-- Listed entries --

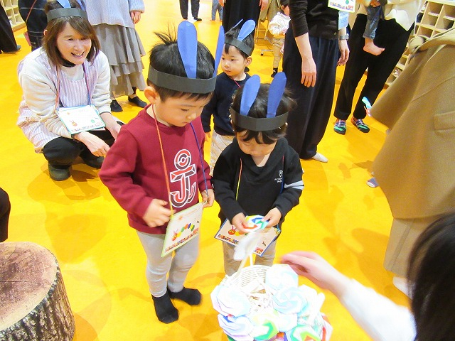 はらぺこあおむしのパズルを見つけてカードにシールを貼り全部出来たらゴール!!可愛らしいペロペロキャンディーのお土産を貰いました。色々なお部屋ではお兄さん、お姉さんが楽しそうに過ごしている様子も見ることが出来ました。
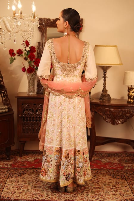 Ivory anarkali highlighted with heavy chikankari hand embroidery, notched neckline and elbow sleeveless. Comes with churidar and peach dupatta.
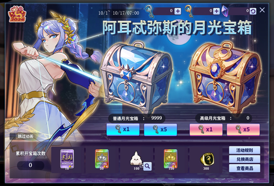 打开普通月光宝箱有概率获得“高级月光宝箱”,可以使用“高级月光宝箱钥匙”打开。
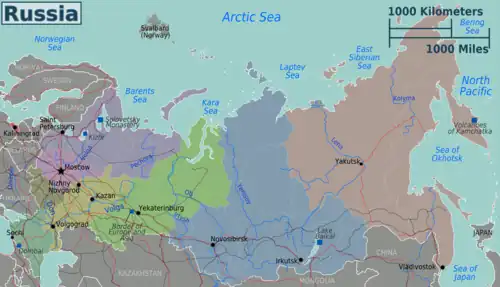 | Russian Far East (Amur Oblast, Chukotka, Jewish Autonomous Oblast, Kamchatka Krai, Khabarovsk Krai, Magadan Oblast, Primorsky Krai, Sakhalin Oblast, Yakutia) One of the coldest regions in Russia, home to the coldest city in the world, Yakutsk. World-famous for national parks, beautiful scenery and mountains, and the volcanoes of Kamchatka. Also a gateway to North Korea and China. |
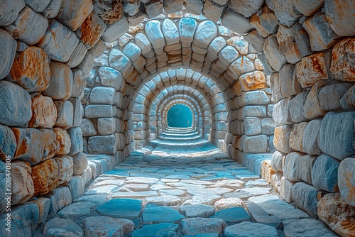 Fototapeta premium Stone tunnel corridor for city municipal services under road and mountain...
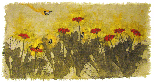 moku hanga woodcut, acrylic, embroidery on linen, 2009
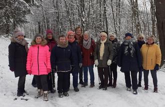 Der Text im Jahresprogramm 2023 der LandFrauen im Bezirk Hamm/Sieg machte seinem Namen alle Ehre. Es hatte in den Tagen vor der Wanderung geschneit, und die Landschaft bot ein winterliches Bild. Treffpunkt zur Wanderung war das Kulturhaus Hamm/Sieg, von dort aus wurden Fahrgemeinschaften gebildet, um nach Marienstatt zu fahren. Nach der Ankunft und Begrüßung machte sich die Gruppe auf die Wegstrecke. Der Rundwanderweg hatte eine Länge von ca. 6 km und war gut zu begehen. Der verschneite Wald bot ein herrliches Bild. Es war ein sehr schöner Nachmittag. Nach Kaffee und Kuchen wurde dann der Heimweg angetreten.

-- What you need to do --
Reproduce the listing above from the line that holds "Ivory anarkali highlighted" through the line that holds "moku hanga woodcut, acrylic, embroidery", both included, with the pictures left out.

-- Solution --
 Ivory anarkali highlighted with heavy chikankari hand embroidery, notched neckline and elbow sleeveless. Comes with churidar and peach dupatta.
 打开普通月光宝箱有概率获得“高级月光宝箱”,可以使用“高级月光宝箱钥匙”打开。
 | Russian Far East (Amur Oblast, Chukotka, Jewish Autonomous Oblast, Kamchatka Krai, Khabarovsk Krai, Magadan Oblast, Primorsky Krai, Sakhalin Oblast, Yakutia) One of the coldest regions in Russia, home to the coldest city in the world, Yakutsk. World-famous for national parks, beautiful scenery and mountains, and the volcanoes of Kamchatka. Also a gateway to North Korea and China. |
 Fototapeta premium Stone tunnel corridor for city municipal services under road and mountain...
 moku hanga woodcut, acrylic, embroidery on linen, 2009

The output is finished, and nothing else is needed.